Poster Reception

Session Chairs:

• Susanne Wolff, DuPont
• Vinod Kumar Venkatakrishnan, Shell

Session Description:

The poster reception features a mix of poster presentations from both industry and academia. As attendees mingle between posters, hors d'oeuvres and drinks will be served.

This poster session covers diverse topics related to scale-up of process technologies, designing and developing safe processes and maximizing process efficiency. 

The objective of this session is to promote sharing of experiences and knowledge on specific topics as well as give participants a great opportunity to network with other process development professionals for developing the next-generation of processes.

*All session and speaker information is subject to change pending finalization

Schedule:

The Poster Session will formally take place from 5:00pm - 6:00pm, followed by open networking. Posters will be available for viewing throughout the full reception.

Abstracts:

Process Considerations to Maximize Catalyst Activity in Solution Polyolefin Polymerizations

Aaron Reed, ExxonMobil Chemical

Production of polyolefins by coordination catalysts in solution reactors is of increasing industrial importance.  The development of novel, complex catalyst structures is improving the performance of existing products and expanding the market into new applications.  However, as the complexity of these catalyst structures increases so too does the cost.  In order to maintain reasonable manufacturing costs, greater attention must be given to maximizing the activity of these catalysts in the polymerization reactor.  This paper reviews chemical processing techniques to maximize catalyst activity in solution polyolefin, polymerization reactors. 

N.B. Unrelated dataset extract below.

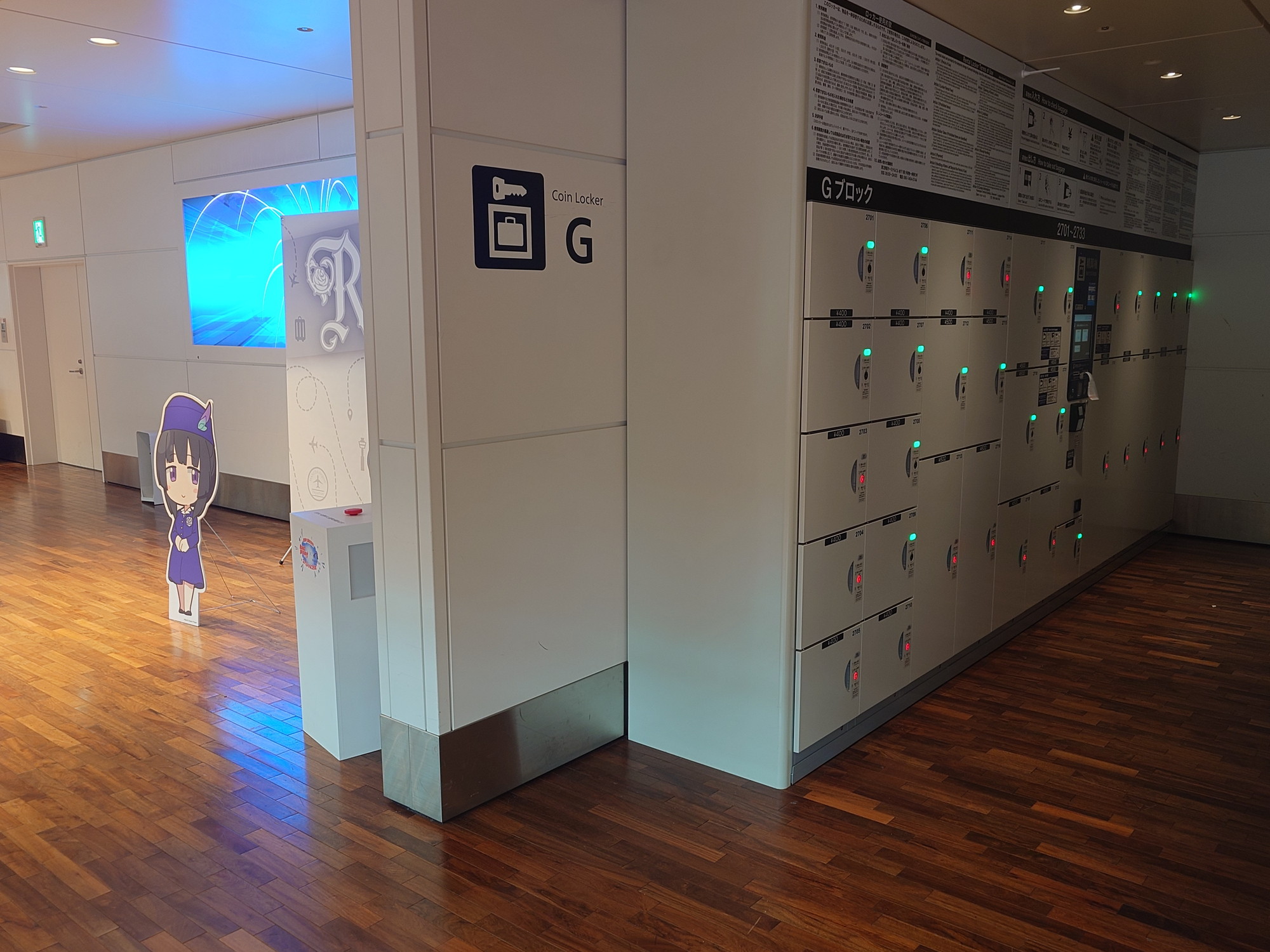 第2ターミナル3FのUPPERDECKTOKYO側 Gのコインロッカーの隣

Overcoming Operational Challenges During Process Development at Intermediate Scale

Omid Ebrahimpour, DuPont

While proof of concept for new chemical processes are commonly performed through batch-based reactors at lab scale, frequently economic analysis identifies that continuous processes should be a route for commercialization of the technology. Therefore, there is commonly a need to demonstrate new technologies at small/intermediate scale prior to full scale or even pilot plant scale. Developing and designing a fully integrated process including feed systems, reactors and purification steps, is very challenging at intermediate scale due to lack of knowledge about the technology and availability of equipment at this scale. In this presentation, a number of challenges, such as handling of solids, at intermediate scale are highlighted. Also, creative strategies that have been developed successfully in the “Kingston Process Development Group” in DuPont Canada to tackle these challenges are described.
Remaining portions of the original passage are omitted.